Description of the task:
Please keep pictures out and return the lines below exactly, from the one holding "EN: It is with" through the last, both included.

[Records contained in a dataset]
-------------------------

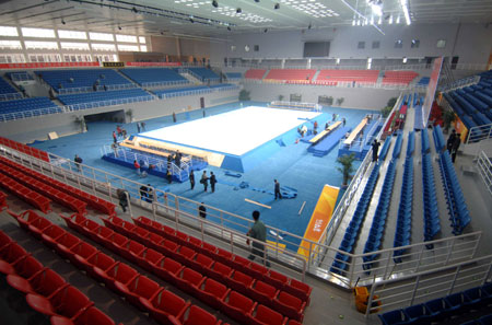 An interior view of the newly-built judo venue for next year's Games is seen in this photo November 7, 2007 in Bejing Science and Technology University. The venue will also hold the taekwondo event of the Beijing Olympics, as well as the wheelchair basketball and wheelchair rugby event of the Beijing 2008 Paralympic Games. [Xinhua]
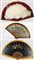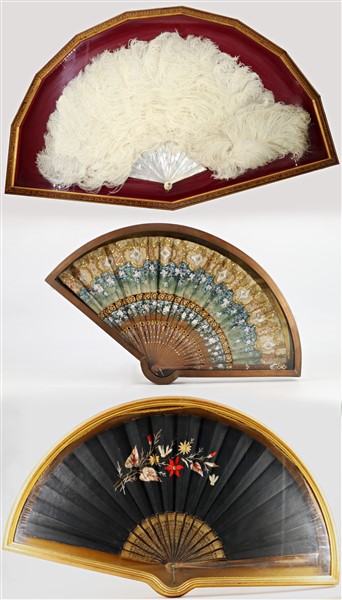 Lotto composto da tre diversi ventagli, secolo XIX-XX. Uno con strecche in madreperla e piume, uno con stecche in legno e pagina in tessuto ricamato e uno con stecche in legno e pagina in seta dipinta a fiori. Entro teche (cm max totale 86x52) (difetti)
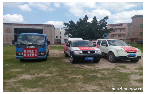 图为林尘镇打击两违宣传车下乡开展“两违”整治宣传
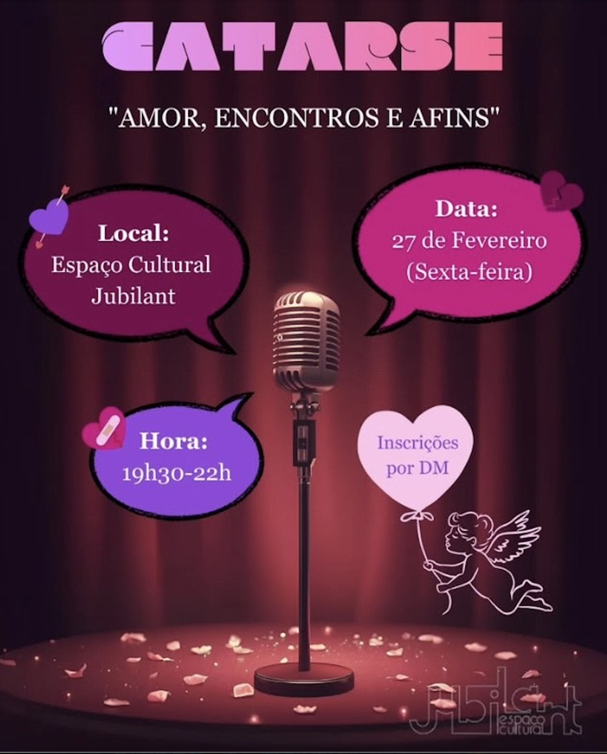 EN: It is with great joy and enthusiasm that we announce the second edition of Catarse – Historias Reais, at the Espaço Cultural Jubilant.
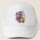 Niedliche Kid Hexe sitzend auf einem Kürbisauto Truckerkappe
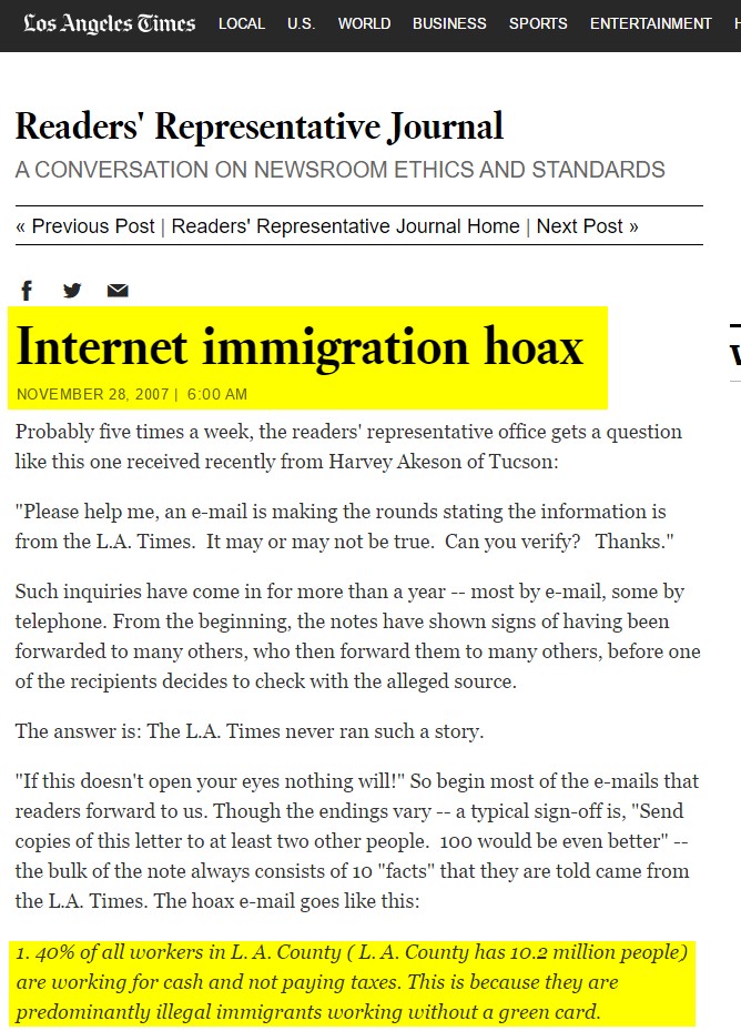 1. 40% các công nhân tại LA County (10.2 triệu người) đều làm việc lấy tiền mặt; và không đóng thuế. Ấy là bởi vì họ hầu hết là dân nhập cư bất hợp pháp, làm việc mà không có thẻ xanh. (Donald Trump nói rất đúng ở điểm này)

-------------------------

Written solution:
 EN: It is with great joy and enthusiasm that we announce the second edition of Catarse – Historias Reais, at the Espaço Cultural Jubilant.
 Niedliche Kid Hexe sitzend auf einem Kürbisauto Truckerkappe
 1. 40% các công nhân tại LA County (10.2 triệu người) đều làm việc lấy tiền mặt; và không đóng thuế. Ấy là bởi vì họ hầu hết là dân nhập cư bất hợp pháp, làm việc mà không có thẻ xanh. (Donald Trump nói rất đúng ở điểm này)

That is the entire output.